**** Data for processing

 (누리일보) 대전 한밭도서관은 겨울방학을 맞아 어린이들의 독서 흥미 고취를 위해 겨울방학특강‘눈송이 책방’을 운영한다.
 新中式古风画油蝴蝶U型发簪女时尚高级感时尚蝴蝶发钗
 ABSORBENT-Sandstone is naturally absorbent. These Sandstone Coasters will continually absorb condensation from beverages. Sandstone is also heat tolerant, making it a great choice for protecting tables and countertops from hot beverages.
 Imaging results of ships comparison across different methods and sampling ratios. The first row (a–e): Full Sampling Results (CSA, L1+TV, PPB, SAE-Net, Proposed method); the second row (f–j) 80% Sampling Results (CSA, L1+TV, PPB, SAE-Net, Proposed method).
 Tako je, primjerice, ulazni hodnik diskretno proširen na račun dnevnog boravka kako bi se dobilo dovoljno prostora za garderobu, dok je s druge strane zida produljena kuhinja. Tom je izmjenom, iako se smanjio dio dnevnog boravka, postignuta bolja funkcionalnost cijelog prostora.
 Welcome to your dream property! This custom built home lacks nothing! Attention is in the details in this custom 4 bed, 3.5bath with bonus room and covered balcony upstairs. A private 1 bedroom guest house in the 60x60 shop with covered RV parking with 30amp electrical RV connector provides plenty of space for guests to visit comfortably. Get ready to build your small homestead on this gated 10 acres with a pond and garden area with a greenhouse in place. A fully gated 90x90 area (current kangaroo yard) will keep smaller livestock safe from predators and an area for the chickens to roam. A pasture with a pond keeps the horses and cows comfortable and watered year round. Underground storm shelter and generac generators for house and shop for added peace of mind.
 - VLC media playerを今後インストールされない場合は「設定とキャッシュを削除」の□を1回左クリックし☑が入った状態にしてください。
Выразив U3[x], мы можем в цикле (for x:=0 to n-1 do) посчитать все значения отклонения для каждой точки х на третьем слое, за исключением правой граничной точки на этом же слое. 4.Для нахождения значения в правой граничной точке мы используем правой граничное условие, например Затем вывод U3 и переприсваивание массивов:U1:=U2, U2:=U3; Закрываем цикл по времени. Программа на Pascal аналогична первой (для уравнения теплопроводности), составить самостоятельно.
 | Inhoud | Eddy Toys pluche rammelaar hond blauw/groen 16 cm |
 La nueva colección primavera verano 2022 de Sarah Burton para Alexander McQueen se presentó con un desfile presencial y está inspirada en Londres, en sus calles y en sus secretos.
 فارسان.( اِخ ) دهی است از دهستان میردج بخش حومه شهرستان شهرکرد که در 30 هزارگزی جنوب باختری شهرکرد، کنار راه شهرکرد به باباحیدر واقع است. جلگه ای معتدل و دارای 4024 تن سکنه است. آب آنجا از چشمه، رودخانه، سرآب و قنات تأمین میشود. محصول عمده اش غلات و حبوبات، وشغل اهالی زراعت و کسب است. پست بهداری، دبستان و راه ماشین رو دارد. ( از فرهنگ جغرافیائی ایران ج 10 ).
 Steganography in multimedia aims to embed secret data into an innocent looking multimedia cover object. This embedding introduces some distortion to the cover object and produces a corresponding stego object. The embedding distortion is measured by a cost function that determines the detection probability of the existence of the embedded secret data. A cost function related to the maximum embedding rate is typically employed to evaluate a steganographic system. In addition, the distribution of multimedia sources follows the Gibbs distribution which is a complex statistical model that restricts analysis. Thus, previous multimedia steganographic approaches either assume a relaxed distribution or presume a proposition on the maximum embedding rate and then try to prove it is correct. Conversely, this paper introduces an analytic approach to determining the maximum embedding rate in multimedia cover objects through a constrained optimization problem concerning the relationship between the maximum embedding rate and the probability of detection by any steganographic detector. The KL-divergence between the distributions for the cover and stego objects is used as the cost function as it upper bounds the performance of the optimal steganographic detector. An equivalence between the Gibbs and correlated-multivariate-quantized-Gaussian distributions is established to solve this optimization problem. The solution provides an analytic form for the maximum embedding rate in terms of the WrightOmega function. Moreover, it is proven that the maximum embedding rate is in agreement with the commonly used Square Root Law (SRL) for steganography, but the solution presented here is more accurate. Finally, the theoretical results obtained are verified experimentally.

********

> [Task] The response should be the listing above, limited to the lines between the one holding "Tako je, primjerice, ulazni" and the one holding "- VLC media", inclusive, reproduced exactly.

> [Answer box]
 Tako je, primjerice, ulazni hodnik diskretno proširen na račun dnevnog boravka kako bi se dobilo dovoljno prostora za garderobu, dok je s druge strane zida produljena kuhinja. Tom je izmjenom, iako se smanjio dio dnevnog boravka, postignuta bolja funkcionalnost cijelog prostora.
 Welcome to your dream property! This custom built home lacks nothing! Attention is in the details in this custom 4 bed, 3.5bath with bonus room and covered balcony upstairs. A private 1 bedroom guest house in the 60x60 shop with covered RV parking with 30amp electrical RV connector provides plenty of space for guests to visit comfortably. Get ready to build your small homestead on this gated 10 acres with a pond and garden area with a greenhouse in place. A fully gated 90x90 area (current kangaroo yard) will keep smaller livestock safe from predators and an area for the chickens to roam. A pasture with a pond keeps the horses and cows comfortable and watered year round. Underground storm shelter and generac generators for house and shop for added peace of mind.
 - VLC media playerを今後インストールされない場合は「設定とキャッシュを削除」の□を1回左クリックし☑が入った状態にしてください。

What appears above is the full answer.